Enders: Via our partner BAE Systems and the British government. They decide independently who they can deliver to, based on the applicable export regulations.
SPIEGEL: A foreign order that your company fought hard to win is currently giving you quite a headache: the sale of 15 Eurofighter jets to Austria. In Munich and Vienna investigations are underway against over a dozen individuals suspected of bribery and breach of trust, including former and current EADS employees. Why haven't you filed charges against these individuals yourself?
Enders: I had -- and still have to this day -- seen no indications that criminal acts have been committed in our area of responsibility. But following the most recent searches on our premises, we have commissioned yet another review, this time by external specialists.

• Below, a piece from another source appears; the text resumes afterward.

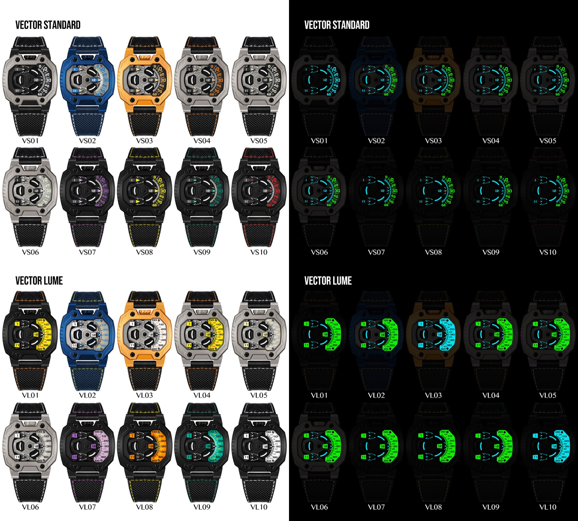 Along with the overall design approach, they’re also offering the Power Panda Vector in a wide variety of styles. First, you have to decide if you want the standard version (which does have luminous paint on the numbers), or if you want the lumed version, which turns the hour and minute surfaces into fully-luminous areas. Then, within those, you’ve got a wide range of color choices (you can see those down below).
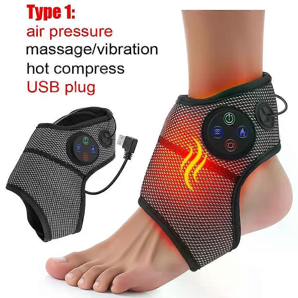 Specifications Is Batteries Included:Yes High-concerned chemical:None Electronic:Yes Certification:CE Application:LeG Model Number:Ankle Massager Material:Composite Material Size:Medium Brand Name:PASTSKY Origin:Mainland China Item Type:Massage & Relaxation Feature 1:Electric Ankle Foot Massager Feature 2:Vibration Hot Compress Massage Feature 4:Feet Brace Massager Feature 5:Multifunctional Ankle Massager Material:ABS + Cloth Color:Black & Grey Heating Temperature:40℃~60℃ Air Pressure Intensity:Soft, Strong Timer:15MIN Extension Cable Length:1.2M Type 1: Electric Air Pressure Foot Massager Features 1. Intelligent air pressure massage can effectively relax the muscle and nerves on acupuncture points around yourfootto relieve muscle fatigue 2. Soothing constant temperature hot compression function can speed up blood circulation, also can help warm your footfor improved comfort. 3. High frequency vibration massage can effectively activate skin cells metabolism to relieve the discomfort of your ankleand foot for strengthened health. 4. Simple button control allows you to switch vibration modes, increase heating temperature and adjust air pressure intensity according to your demands. 5. Comes with a USB cable which can support 3 power supply methods: one is to connect to a 5V/2A power bank with unlimited capacity, one is to connect to a 5V/2A adapter to plug in, and another is to connect a 5V/2A car interface. 6. Suitable for people who suffer from foot discomfort caused by long time standing or walking. Specifications Condition: 100% High Quality and Brand New Material: ABS + Cloth Color: Black & Grey Power: 10W Heating Temperature: 40℃~60℃ Air Pressure Intensity: Soft, Strong Vibration Mode: Interval Vibration, Pulse Vibration, Steady Vibration Timer: 15MIN Extension Cable Length: 1.2M Size: Approx. 33*25*2.5cm CAUTION: 1)Be careful to use the highest heating for long time to avoid hurting your skin. 2)It is prohibited to use the product when sleeping. 3)Please wipe the surface of product. Do not immerse the product in water to clean. 4)Not suitable for people: skin with thermal allergies; unable to take care of themselves; Doctor warning. Package Included: 1* Ankle Massager 1* Extension Cable 1* User Manual Type 2: Hot Compress Vibration Foot Massager Features: 1. Target ankle fatigue effectively with this portable foot massager. Its three heat settings (48°C, 53°C, 58°C) deliver warmth for maximum comfort and relaxation. 2. Choose from three rechargeable massage intensities: First level (daily care), Second level(sports recovery), and Third level (ankle discomfort relief) – tailored to your needs for a personalized experience. 3. The heated ankle wrap features a 15-minute auto shut-off timer, preventing overuse and ensuring safe, worry-free sessions. 4. Enjoy effortless, cordless control thanks to an intuitive touchscreen interface. The LED display of this ankle massager shows the heating temperature and vibration level in real time. 5. Adjustable straps securely fit the heated wrap on either foot, providing reliable ankle support for both left and right users.

We want to provide an account of our own decision-making processes, and we are working in close cooperation with the authorities to accomplish this.
SPIEGEL: Kickbacks worth millions allegedly flowed via a shadowy network of companies, and individuals are suspected of receiving bribes to declare phony offset deals with German companies that purportedly benefited Austrian firms. Are you claiming that you, as the head of the EADS military division, knew nothing about this?
Enders: At the time, we were primarily busy figuring out how we could organize the enormous volume of follow-up deals for the Austrian economy that had been agreed in exchange for the Eurofighter sale. In order to accomplish this, we needed partners. But I didn't know anything about the secret realm of shadowy companies that allegedly stood behind these deals. We will hopefully soon clear this up.
SPIEGEL: How does all this fit together? Military commodities made in Germany are sought after around the world, yet Eurofighters could only be sold to Austria if the local industry was simultaneously boosted with orders from Germany?
Enders: That is common practice. When making defense purchases with tax money, many countries demand a corresponding economic input in their own country. If the European Union were to finally introduced binding regulations for this, I would be the first to welcome this move. But take a look at the website of the Austrian Economics Ministry in Vienna and you will see how they proudly present the extent to which Austrian industry has benefited from its partnership with EADS -- and with good reason. Today, Austrian companies are making huge sales as Airbus suppliers, and unfortunately this has been completely overlooked in the entire debate.
SPIEGEL: Your civilian jets are also apparently no longer selling as well as before. According to the most recent figures, Boeing, surpassed your subsidiary Airbus in terms of orders and deliveries last year.
Enders: Just a minute: We had a record year in 2012 -- in every respect and with every program. For the first time in 10 years, Boeing took the lead again in 2012 by a nose. They already set out to achieve that two years ago, and now they've managed to increase their production figures with the Dreamliner. But we still have the largest order book in the industry! That's what counts for me.
SPIEGEL: It's possible that Boeing accelerated its manufacturing a bit too quickly: Over the past few weeks, there has been a steady stream of terrible news about exploding batteries and fuel leaks. Have you already expressed your sympathy to the executives at Boeing headquarters?
Enders: We don't feel any sense of schadenfreude, and we've had enough start up problems of our own. I'm sure that we will experience a number of unpleasant surprises with our new long-range A350. This can hardly be avoided with the development of new aircraft, which is always risky and complex. You can't anticipate everything when breaking new ground technologically. I hope that our US colleagues will soon manage to get the Dreamliner back in the air again, where it belongs. With our A330, and soon also with the A350, we'll make life difficult enough for them as it is.
SPIEGEL: Mr. Enders, we thank you for this interview.